Koufax was a power pitcher and threw with a pronounced straight-over-the-top arm action. Most of his velocity came from his strong legs and back, combined with a high leg kick during his wind-up and long forward extension on his release point toward home plate. His unusually large hands also allowed him to put heavy spin on his pitches and control the direction in which they would break.

Reserved and shy by nature, Koufax was a fierce competitor on the mound. He once pushed back on his "gentle competitor" image, saying: "It sure as hell isn't 'gentle', especially playing the game." Though not a headhunter like teammate Don Drysdale, contrary to belief, he did not hesitate to pitch inside or brush back an opponent, once remarking: "The art of pitching is instilling fear."

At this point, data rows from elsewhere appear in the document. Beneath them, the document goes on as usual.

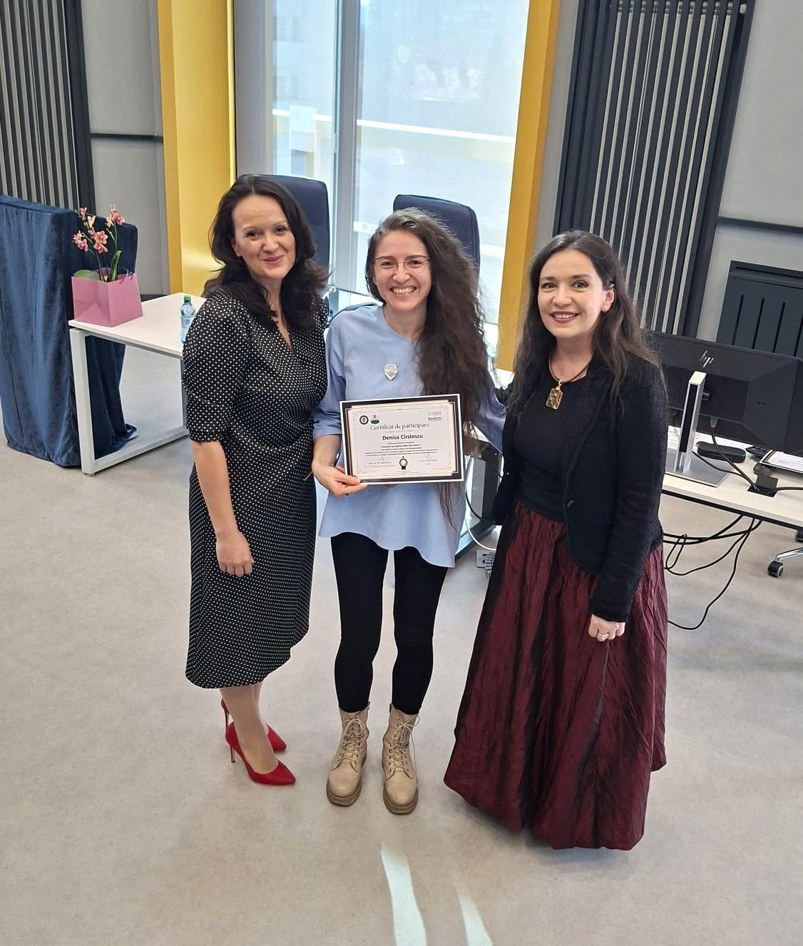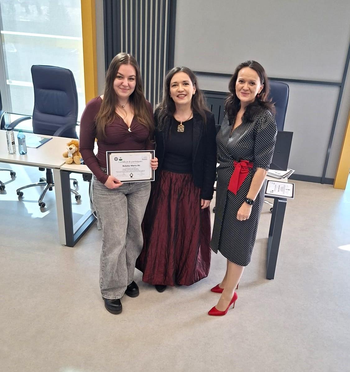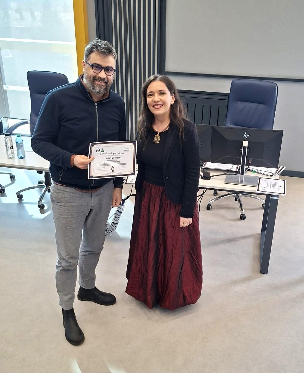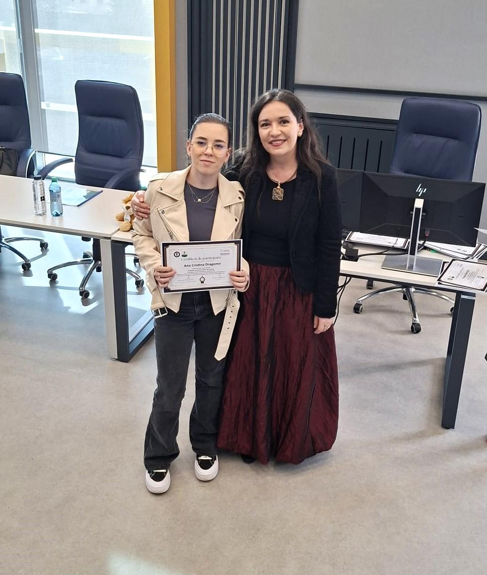 Adresăm mulțumiri deosebite formatorului Lorelai Sacal – consultant în finanțări nerambursabile și formator cu peste 20 de ani de experiență – pentru modul clar, aplicat și profesionist în care a ghidat discuțiile și a oferit studenților repere utile pentru înțelegerea mecanismelor de evaluare a proiectelor.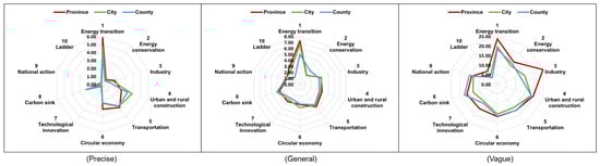 Policy target setting showed significant hierarchical differentiation (Table 4), which is essentially an inevitable outcome of the layered operation of China’s governance system [54]. Provincial and municipal policy targets exhibited the highest precision, undertaking the crucial function of translating national strategies into executable and assessable specific indicators. National-level targets maintained greater ambiguity, leaving necessary space for differentiated local implementation, reflecting the application of the “common but differentiated responsibilities” principle in multi-level governance [55]. County-level target precision was relatively limited, reflecting the practical constraints in data foundations and governance capacity at the grassroots level [56].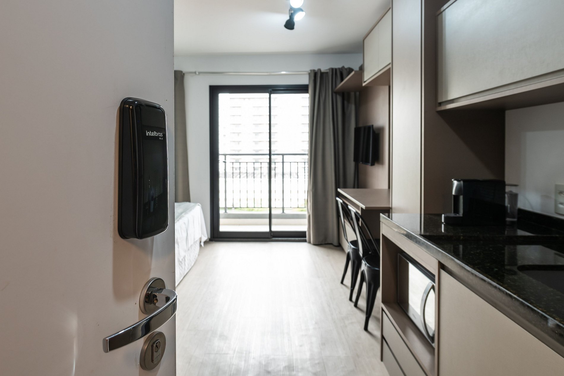 A entrada é realizada através de uma fechadura eletrônica, garantindo acesso total tanto ao apartamento quanto às comodidades do prédio.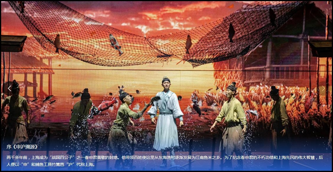 대형 가무 《상하이 천고정》은 상하이의 웅장한 역사 기록에 기반하여 상하이의 과거와 현재를 연출했습니다. 공연은 전국시대 봄 신군이 황푸강을 준설하여 위기를 극복하는 모습을 재현했습니다. 상하이 강남의 은은한 사랑스러움, 상하이 해변의 풍운, 십리양장의 현대적 세월, 각성 시대의 이상과 열정, 그리고 새로운 시대의 상하이는 나날이 새로워지고, 온갖 것을 포용하며, 엑스포와 푸둥의 개발 개방적인 문화적 핵심을 통해 상하이의 붉은 문화, 해파 문화, 강남 문화를 유감없이 드러냈습니다. 시각의 향연, 마음의 진동!

Throughout his career, Koufax relied heavily on two pitches. His four-seam fastball gave batters the impression of rising as it approached them, due to heavy backspin he created by pulling on the seams. His overhand curveball, spun with the middle finger, dropped vertically 12 to 24 inches due to his arm action; it is considered by many as being the best curve of all time.

Though he had a changeup, Koufax almost never threw it, eventually replacing it with a forkball which he used more regularly as a third pitch. Shortstop Roy McMillan described its movement as being not unlike that of a spitball. In his final seasons, Koufax also began throwing a cutter to compensate for drop in velocity.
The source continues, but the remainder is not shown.